Faire une balade à vélo

Réginald "Shark" & Rio Kastle (Yu-Gi-Oh! Zexal)


Shark avait la réputation d'être aussi intransigeant et renfrogné que l'animal dont il portait le surnom. Mais la vérité, c'était qu'il laissait presque tout passer à sa sœur, Rio, sa cadette d'un an.

Ce n'était pas parce qu'elle avait été longtemps à l'hôpital, avant le tournoi d'Heartland, des suites d'un Duel avec Quattro qui l'avait brûlée gravement sur tout le corps à cause d'un incendie spontané. Ce n'était pas non plus depuis que leurs parents étaient morts dans un accident de voiture lorsqu'ils étaient enfants. C'était juste que Rio était ce que Shark avait de plus cher au monde et qu'elle le lui rendait bien. Mais comme il était l'aîné et qu'elle était parfois capricieuse, c'était l'adolescent qu'on voyait le plus souvent se plier en quatre pour elle.

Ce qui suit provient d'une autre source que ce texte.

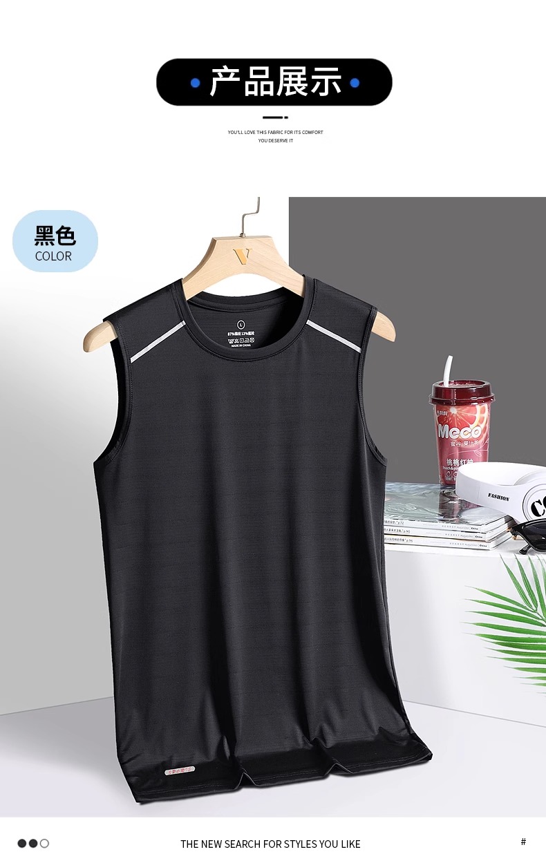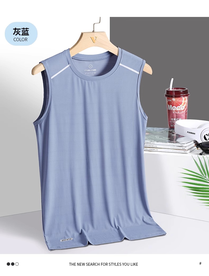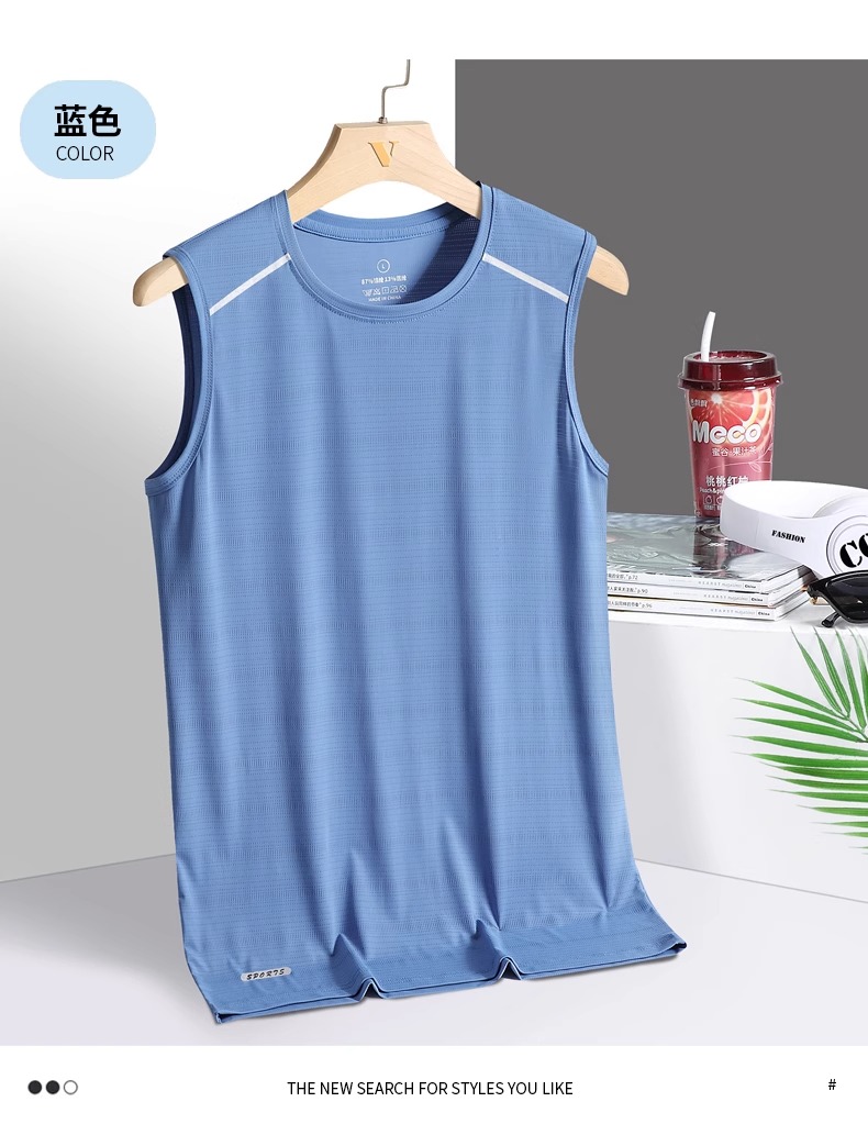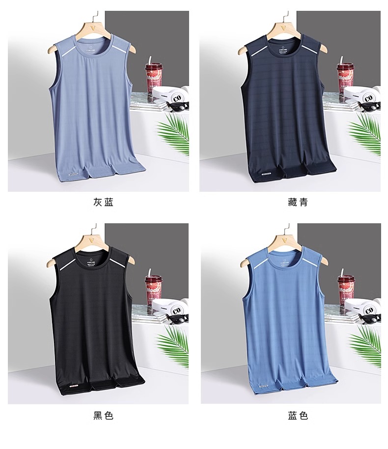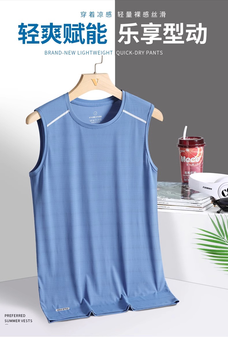 冰絲背心男夏季薄款胖子大碼運動健身汗衫寬松無袖t恤速乾打底衫

Jamais il ne serait monté à califourchon sur un vélo rose au panier en fleurs, sinon. C'était tellement plus agréable pour lui de foncer sur sa moto au milieu du périphérique de la ville ! Mais Rio avait envie d'une balade naturelle entre les collines et les vallées qui s'étendaient loin, très loin des tours multicolores d'Heartland, de son monorail et de son canal. Elle voulait se promener dans la campagne et on ne faisait pas ça avec une moto rouge qui fonce à vive allure. Shark avait donc dû louer un vélo dans une boutique pratiquement en pleine campagne et il n'en restait qu'un rose, avec un petit panier plein de fleurs des champs sur le devant.

Le frère et la sœur n'avaient même pas songé à en louer deux à la base. Lorsqu'ils partaient en promenade, c'était Shark qui conduisait Rio, perchée à l'arrière de la moto. À vélo, c'était la même chose et elle se retrouva assise sur le porte-bagage, tandis que les pétales de fleurs s'envolaient presque dans le visage de son frère.

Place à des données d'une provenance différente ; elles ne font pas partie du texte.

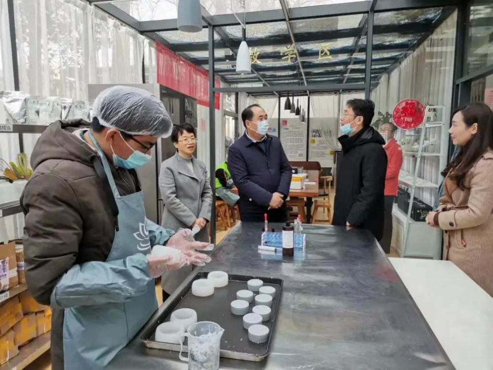 在机构主任洪丽娟的引领下,熊印根一行参观了中心各功能室、庇护性就业基地的手工皂坊、花卉绿植坊等,从日常服务、再到康复训练、技能培训等逐项询问,进行细致了解。重点就精神残疾及智力残疾人在中心社区康复、学习生活情况、以及机构的基础设施、运营管理、辅助性就业等情况开展详细地调研。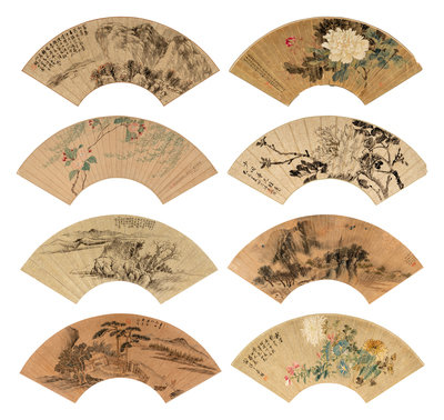山水、花鳥扇面八幅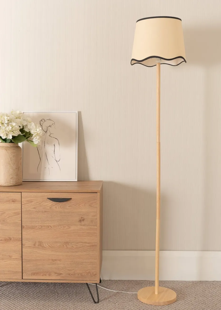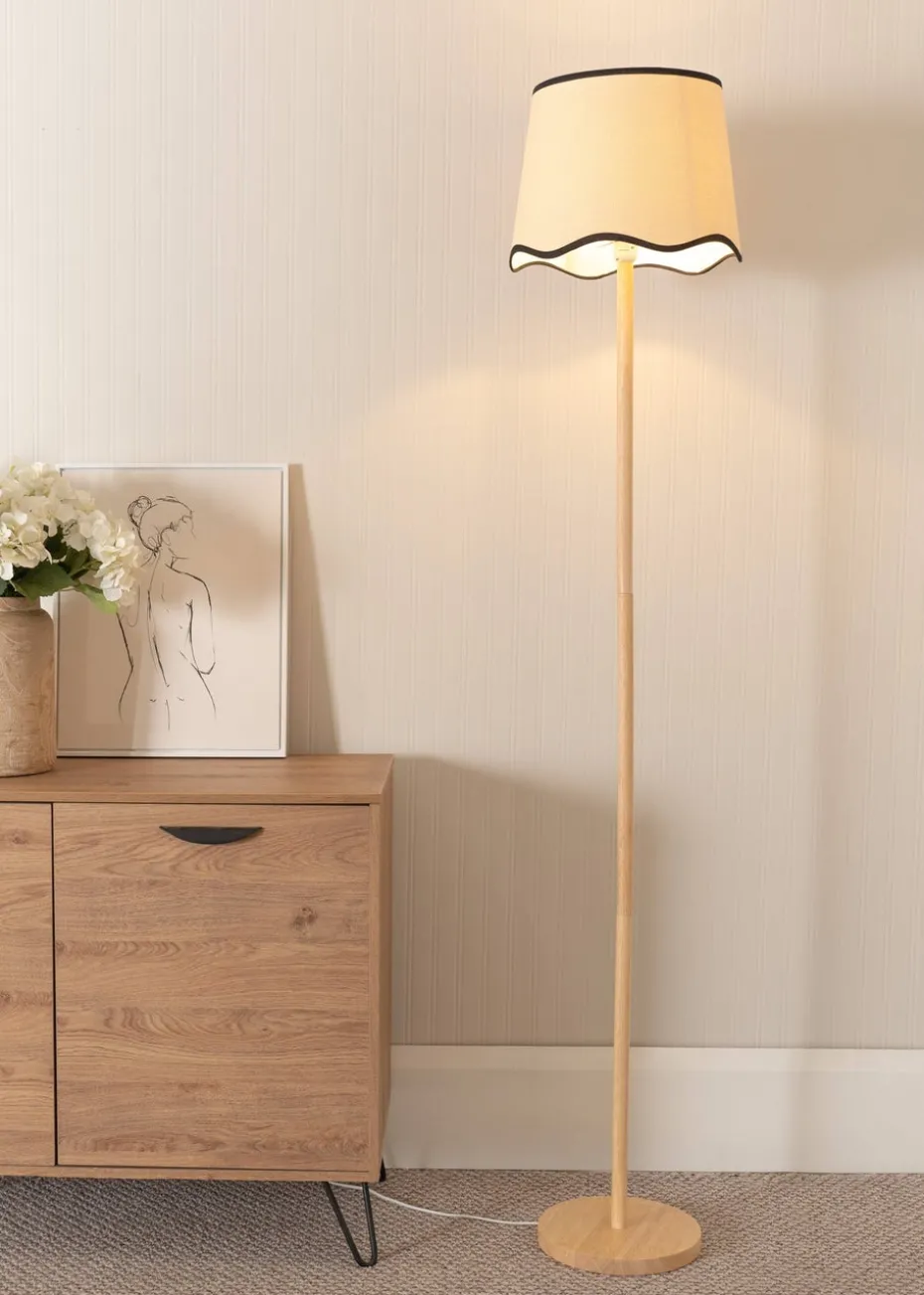 Introducing the light your modern makeover has been missing, the Heather wooden stem floor lamp is effortlessly elegant and super stylish. Finished in light wood, this sleek lamp fits into a huge variety of interior styles. It’s topped with a soft natural colour scalloped shade which has a trim in either black, rust, or white and there’s a 1.8m cable running from plug to lamp. The lamp has an in-line foot switch, too, so it’s user (and back) friendly!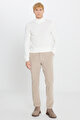 Slim Fit Dar Kesim Kadife Beli Bağlamalı Yan Cep Esnek Bej Pantolon

« T'exagères, lui reprocha l'adolescent. Si c'était vraiment la bicyclette parfaite, comme tu dis, tu aurais pu prendre la jardinière avec toi derrière.

-Ne raconte pas n'importe quoi, Réginald, répliqua la jeune fille. Comme aurais-je fait pour m'accrocher avec un pot de fleurs dans les mains ?

-Et comment je fais pour voir avec leurs pétales dans les yeux ? »

Rio sourit et ses prunelles roses brillèrent de joie et de sincérité comme ça lui était rarement arrivé ces derniers temps. Il fallait dire que c'était difficile, lorsqu'on apprenait que nos parents n'avaient pas vraiment été nos parents, nos souvenirs d'enfance pas vraiment nos souvenirs d'enfance, et que nos âmes s'étaient incarnées depuis le monde de Barian, le monde des morts, dans ces corps d'enfants récemment décédés pour échapper à un adversaire mortel. On se retrouvait ensuite à devoir se battre comme ses amis qui faisaient front avec l'Astra World, l'autre monde des morts, son ennemi juré…

Mais rien de tout cela ne paraissait avoir d'importance dans cette campagne verdoyante et innocente. Le ciel, les abri-bus sur le côté, les oiseaux dans les broussailles, ils n'avaient rien à voir avec leur passé. Tout était fini maintenant… Le monde de Barian et l'Astra World ne faisaient plus qu'un à nouveau et Shark et Rio pouvaient devenir des adolescents normaux. Des adolescents qui faisaient du vélo au milieu des bourrasques de vent fraîches du printemps… D'accord, ce n'était peut-être pas exactement "normal" pour des collégiens de quinze ans, mais ils étaient ensemble et la joie de Rio rendait Shark tellement heureux…

Le chemin qui s'étalait devant eux, rejoignant bientôt le couvert de petits bouquets d'arbres, montait assez franchement sur une petite bute. Shark dut forcer sur ses mollets et se lever à demi de selle afin de la franchir. Pendant ce temps, Rio avait les deux mains cramponnées de chaque côté du porte-bagages couleur bois et ses mèches indigos et bleues volaient dans le vent. Le frère aîné se dit qu'il ne savait pas combien de temps il allait pouvoir tenir le rythme, mais il tirerait partie de chaque ombre des peupliers, chaque petite pente descendante pour renouveler son énergie à la tâche. Ceci afin que la balade dure le plus longtemps possible. Il ne voulait rien de plus qu'amener sa sœur où elle voudrait, à l'autre bout du monde, pour qu'elle continue à sourire comme elle le faisait.